PANGKALANKERINCI (RIAUPOS.CO) - Hujan deras dengan durasi cukup panjang mengguyur sejumlah wilayah di Kabupaten Pelalawan, Selasa (5/3/2024).
Hujan yang turun sejak sore sekitar pukul 16.00 WIB hingga pukul 19.00 WIB ini, telah menyebabkan sejumlah ruas badan jalan di ibu kota Kabupaten Pelalawan (Pangkalan Kerinci) direndam banjir.
Tidak hanya itu, genangan air juga telah menyebabkan Jalan Simpang Perak menuju Kelurahan Pelalawan, Kecamatan Pelalawan menjadi longsor. Kondisi banjir ini pun menjadi viral di media sosial.
Pantauan Riaupos.co di lapangan, badan Jalan Simpak Perak, Kecamatan Pangkalankerinci direndam banjir dengan tinggi permukaan air mencapai 50 sentimeter atau setinggi lutut orang dewasa.
Genangan air yang merendam badan jalan tersebut menyebabkan kondisi permukaan badan jalan menjadi lunak.

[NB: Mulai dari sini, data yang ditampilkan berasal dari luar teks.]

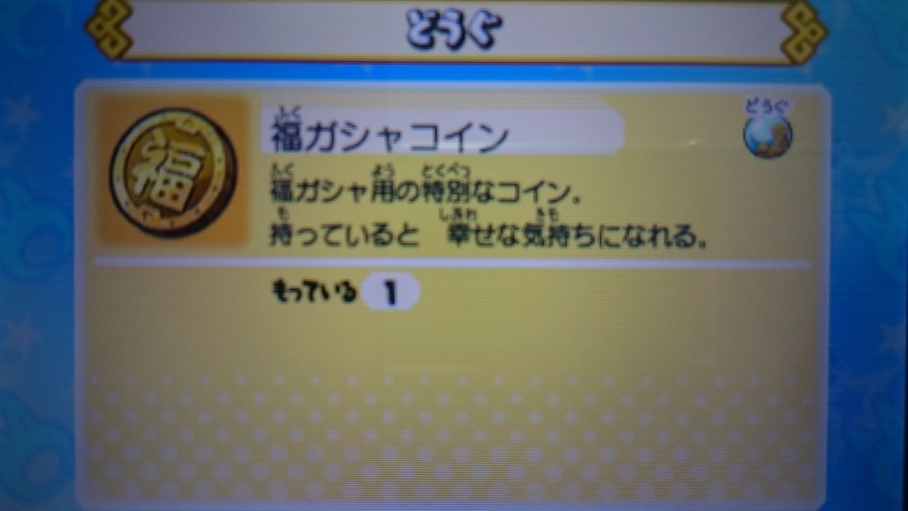 実は、今日の分のガシャを回そうとしたら「福ガシャコイン」がそこにはありませんでした。
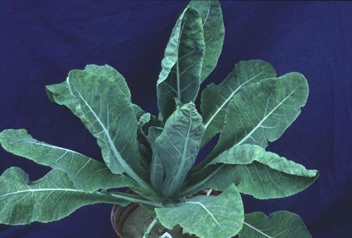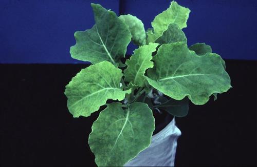 Interveinal fields of younger leaves brighten whereas the veins remain green. With ongoing deficiency youngest leaves turn completely yellow.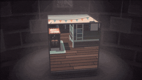 游戏中,你置身于一个神秘的空间,面前是一个被放置在台面的立方体。除底面之外,立方体的五个面都展示着各不相同的插画风格场景。你可以旋转立方体 —— 更准确地说,立方体是静止的,只是你改变了自己观察的角度。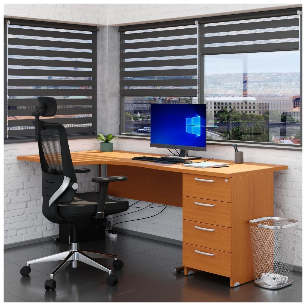 Zostavu Visio 3 tvorí rohový pracovný stôl a prístavný kontajner so 4 zásuvkami. Spojením týchto prvkov si v kancelárii vytvoríte príjemné pracovné zákutia s množstvom miesta na všetko, čo chcete mať po ruke. Kontajner má predĺženú dosku, ktorej hĺbka zodpovedá doske stola. Vďaka tomu oba prvky dokonale lícujú.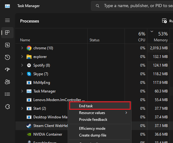 To get things rolling, initiate your Task Manager. Within the 'Processes' tab, pinpoint and terminate all active Honkai Star Rail tasks as well as any other high-demand applications currently operating on your computer. For instance, I often find myself needing to close Adobe software, Discord, or Steam.
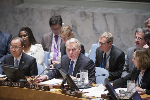In this photo provided by the United Nations, Jean-Marc Ayrault, center, Minister for Foreign Affairs and International Development of France, addresses the United Nations Security Council, on June 10, 2016 at United Nations headquarters. U.N. Secretary-General Ban Ki-moon is seated to his left and Hasmik Egian, Acting Director of the Security Council Affairs Division, is to the right. Ayrault addressed a small group of reporters on Friday, warning that Israel's ban on Palestinians entering its territory following the "abominable" attack on a popular cafe in Tel Aviv could escalate violence instead of focus attention on the need to pursue peace. (The United Nations via AP/Rick Bajornas)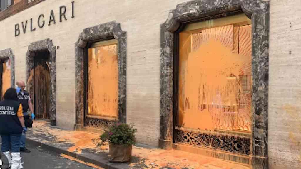 Ativistas ambientais pintaram diversas fachadas de lojas de luxo no centro de Roma, em um novo protesto na capital da Itália, nesta quinta-feira.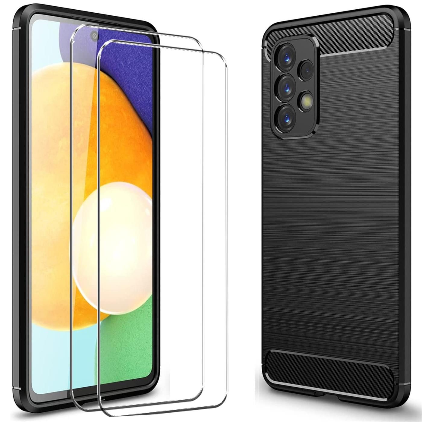 Schützen Sie Ihr Samsung Galaxy A53 5G mit unserem hochwertigen TPU-Case im trendigen Carbon-Look und profitieren Sie von unserem Set-Angebot, das zusätzlich zwei Panzerglas-Displayschutzfolien umfasst. Ideal für den Alltag und entwickelt, um die Lebensdauer Ihres Smartphones zu verlängern.

Sehingga badan jalan tak mampu menampung beban tonase kendaraan yang melintas dan akhirnya longsor.
Kondisi tersebut menyebabkan arus lalu lintas menjadi terhambat hingga menyebabkan terjadinya kemacetan sepanjang 2 hingga 3 kilometer (km).
Alhasil, untuk mengantisipasi terjadinya korban jiwa dan mencegah kemacetan panjang, sejumlah personel Dinas Perhubungan (Dishub) dan Polres Pelalawan, langsung turun ke lapangan.
Di lokasi, terlihat petugas melakukan pola buka tutup jalan. Sehingga, dengan adanya upaya tersebut, secara perlahan, arus lalu lintas mulai bergerak lancar.
"Ya, jalan Simpang Perak longsor pascadiguyur hujan deras dengan durasi panjang. Yakni sejak sore hingga malam. Sehingga dengan kondisi ini, personel gabungan dari Dishub dan Polres Pelalawan, terpaksa melakukan pola buka tutup jalan untuk mengurai kemacetan," terang Yeyen, salah seorang petugas Dishub Pelalawan yang ditemui Riaupos.co dilokasi banjir Jalan Simpang Perak, Selasa (5/3/2024) malam.
Ditambahkan Yeyen, banjir tersebut dipengaruhi dampak adanya curah hujan yang turun dengan durasi cukup panjang. Tidak hanya merendam badan Jalan Simpang Perak saja, tapi banjir juga merendam sejumlah badan Jalan di ibu kota Kabupaten Pelalawan. Seperti Jalan Pemda, Jalan Akasia, Jalan Lintas Timur Kota Pangkalankerinci, serta sejumlah badan jalan lainnya di ibu kota Negeri Seiya Sekata ini.
Dan saat ini, genangan air perlahan-lahan telah mulai berangsur turun. Air dengan mayoritas ketinggian antara 30-50 cm ini, saat ini telah mulai surut.
"Alhamdulillah, kondisi banjir telah mulai berangusur turun dan surut. Sehingga aktivitas arus lalu lintas telah mulai berangsur normal. Untuk itu, kami berharap agar intensitas curah hujan tidak kembali meninggi. Sehingga banjir tidak kembali muncul dan merendam badan jalan yang tentunya akan menghambat moda transportasi," tutupnya.